Routing all that traffic through a firewall also ensures that even well-meaning employees do not accidentally propagate malware on the network.

Forrester analyst John Kindervag recalled the case of a Microsoft employee who, working from home, accidentally unleashed a trojan from his laptop after the network authenticated him as safe.

"[A firewall] is helping protect your corporation from you," Kindervag said. "A firewall is a way of maintaining a really good database of what packets are doing in your network, and so that's why it's a basic technology no matter what you're doing."

Though the technology remains fundamentally the same as it's been for years, he said, firewall manufacturers ranging from giants like Cisco to pluckier players like Palo Alto Networks are racing to make firewalls smarter and more functional. In some cases, new firewall technologies complement or co-opt the roles of other security technologies.

"Every firewall vendor -- Juniper, Cisco -- is looking at various ways to augment the firewall, which some people call unified threat management.

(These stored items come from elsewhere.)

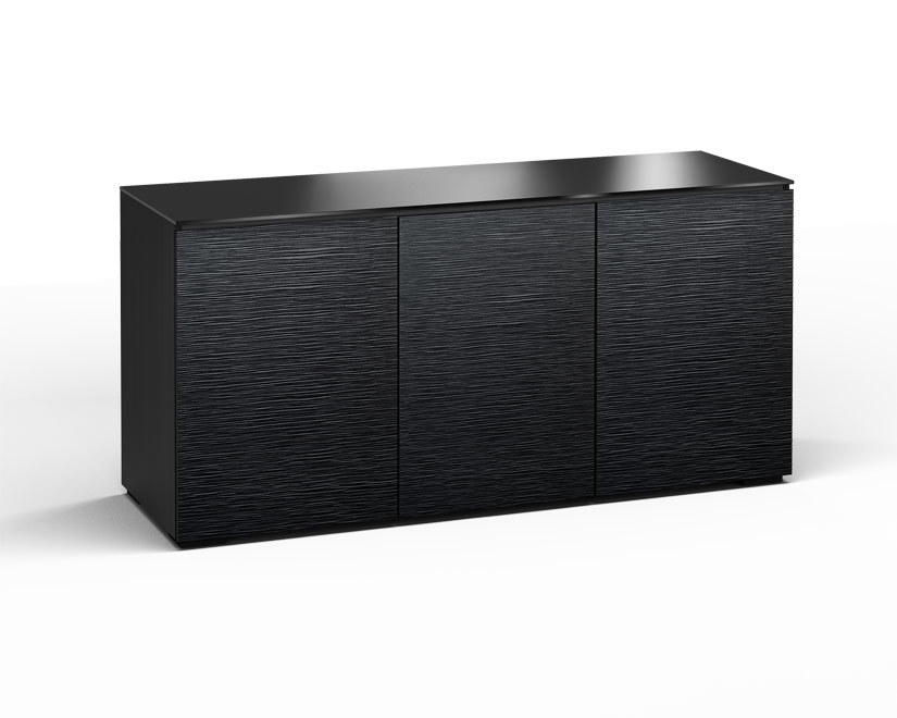 Lightly textured, black oak doors with black, tempered glass top and black oak finished side panels
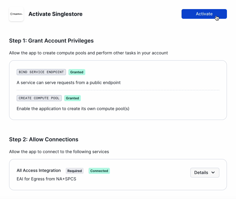 You can get the SingleStore Native App for Snowflake, SINGLESTORE_, from the Snowflake Marketplace.
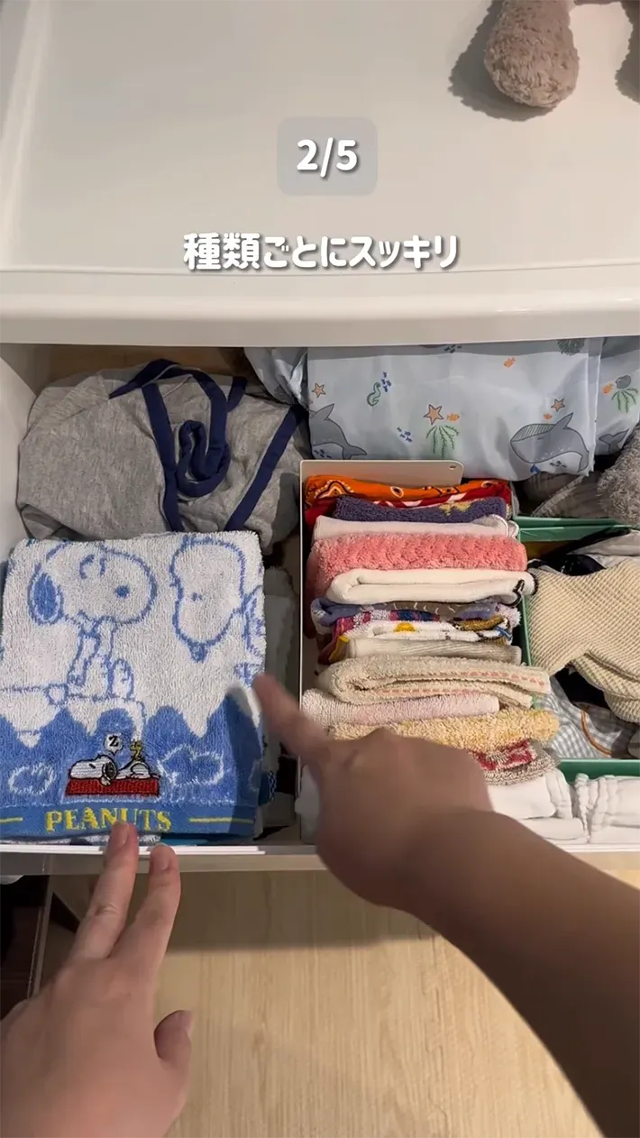 タンスの中でごちゃつきやすい、衣類やタオル類。
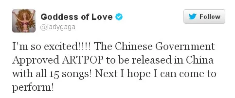 Persetujuan Menteri Kebudayaan Cina akan album ini tentu saja menjadi kabar bagus bagi Gaga. Rasa syukur ini ia ungkapkan melalui twitter sekaligus berharap suatu saat nanti bisa menggelar konser di sana.
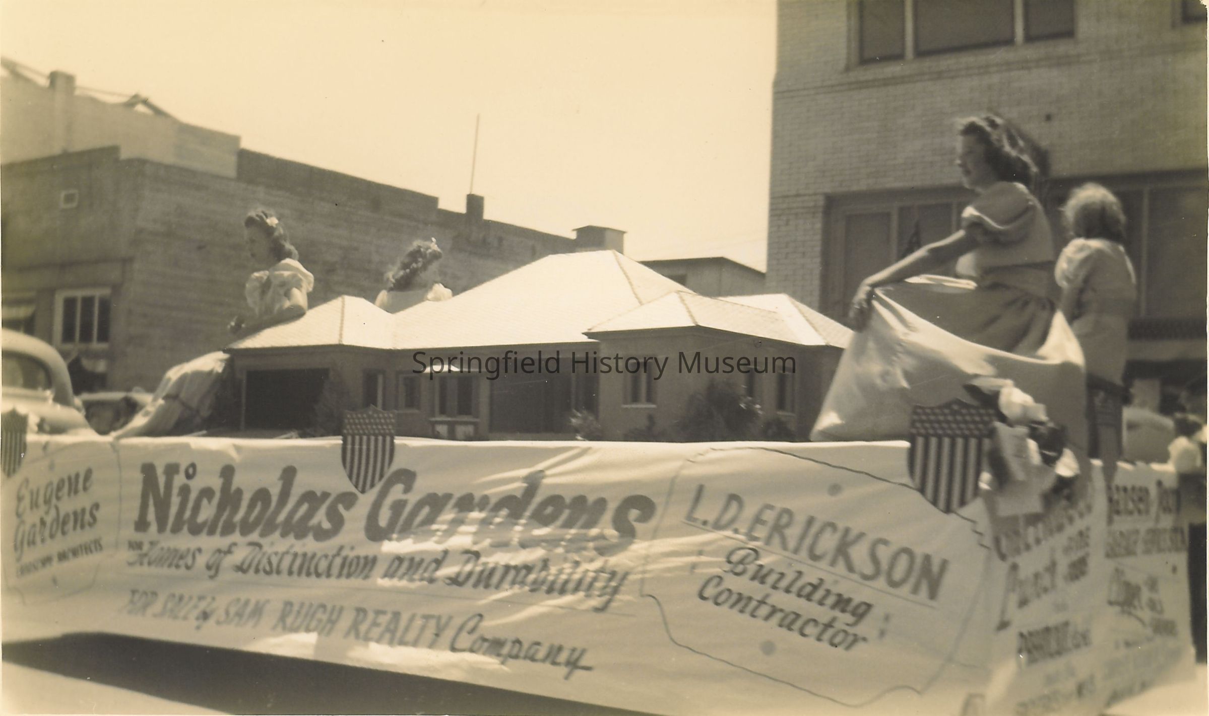 Nicholas Gardens Homes float with 4 women seated, one at each corner. No date.
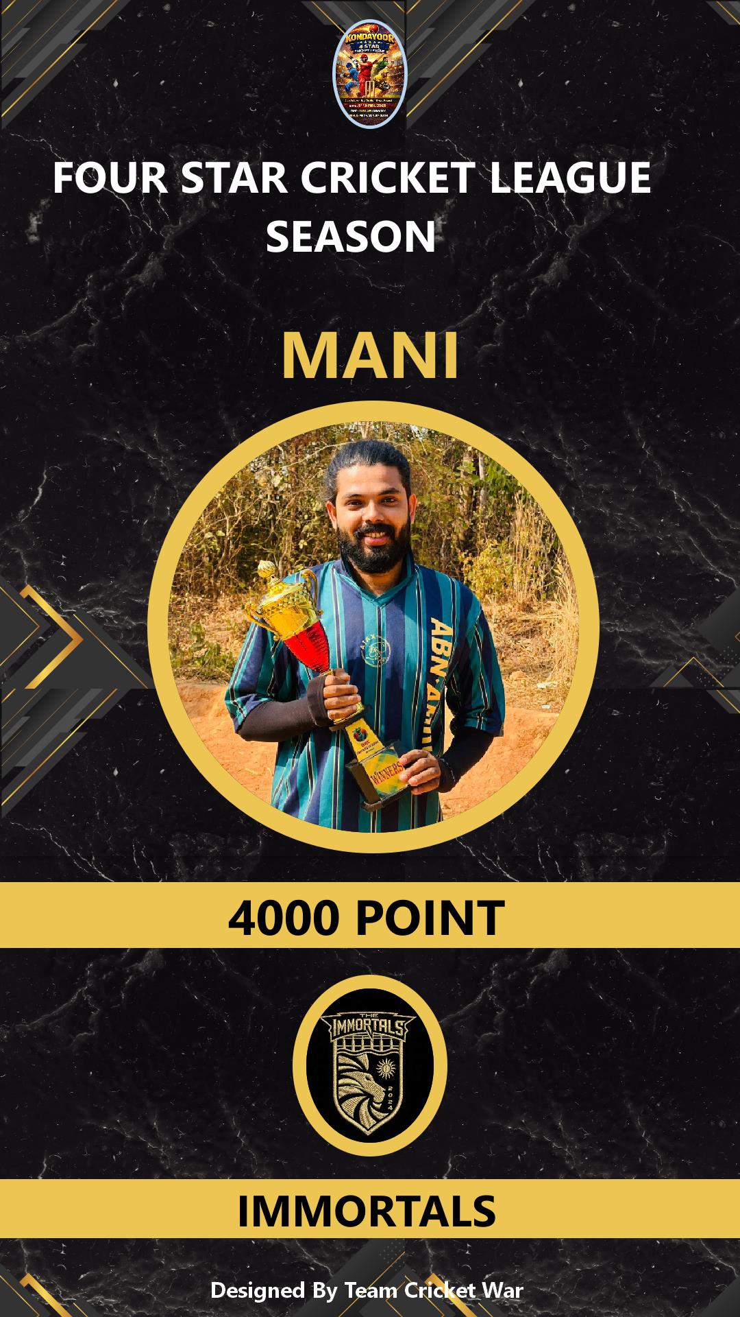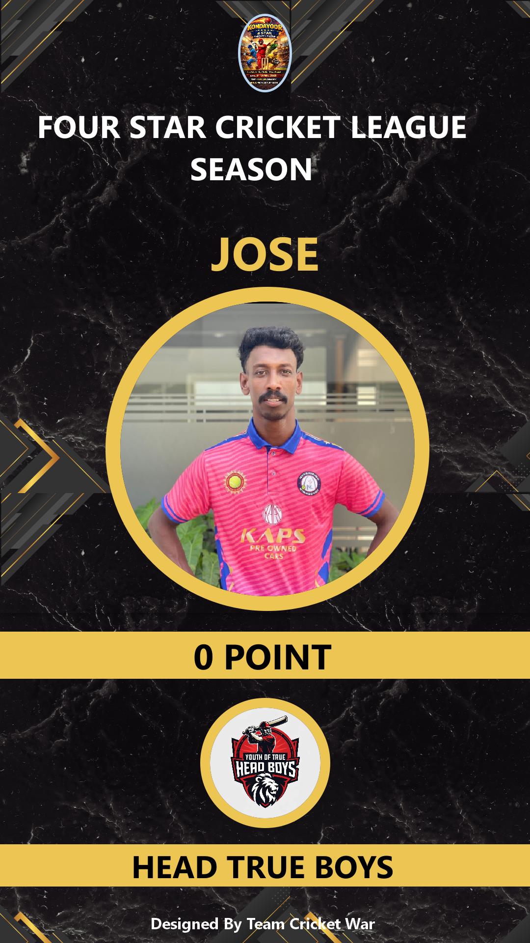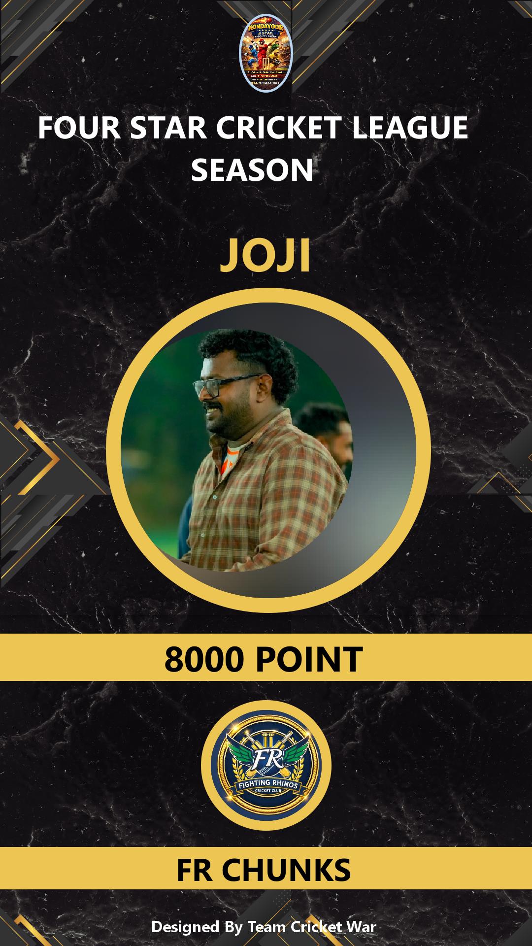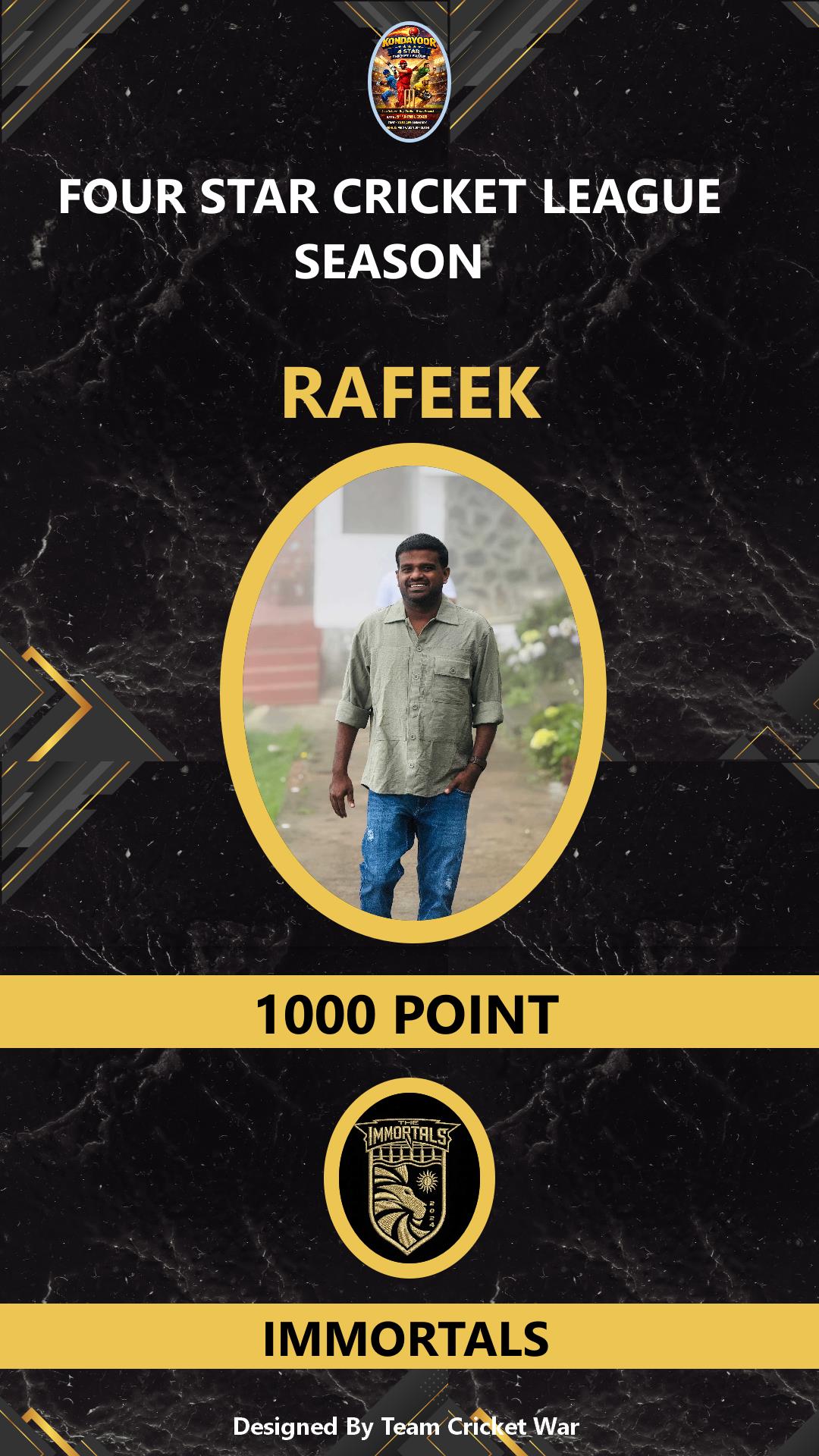 ALLROUNDER, AGE : 32 KONDAYOOR Bid Amount : 4000 Team : IMMORTALS Download ID Card VIEW PROFILE |

But it's a little hard to tell the direction that that's going to go right now," Kindervag said. "As machines get faster, you'll find more and more features built into the average firewall."

Cisco has built a bladed firewall that sits in the core router, while Palo Alto has developed a bridge mode that sits more centrally in the network, he said.

These devices are also peering deeper into packets, ensuring that, among other things, traffic on port 80 really is legitimate HTTP traffic and not some hacker probing for vulnerabilities.

Ambika Gadre, director of product marketing at Cisco, said her company was particularly focused on helping secure traffic for Software as a Service (SaaS) applications, no matter which device is used to connect to them.

"The secure mobility issue is very topical right now among customers," Gadre said. "If someone were using the iPhone at Starbucks and were to browse to, they are able to access their account and there isn't any corporate security on that data, they're bypassing the firewall and other IT security completely."

If firewall technology and security techniques are adapted to route all that traffic through secured channels, however, security becomes a more manageable problem.

Despite network security advances and changing traffic patterns, Kindervag said, things are fundamentally the same.

"Firewalls are today, and will always remain, a key component in network security," he said. "They're the first line of defense and the traffic cop."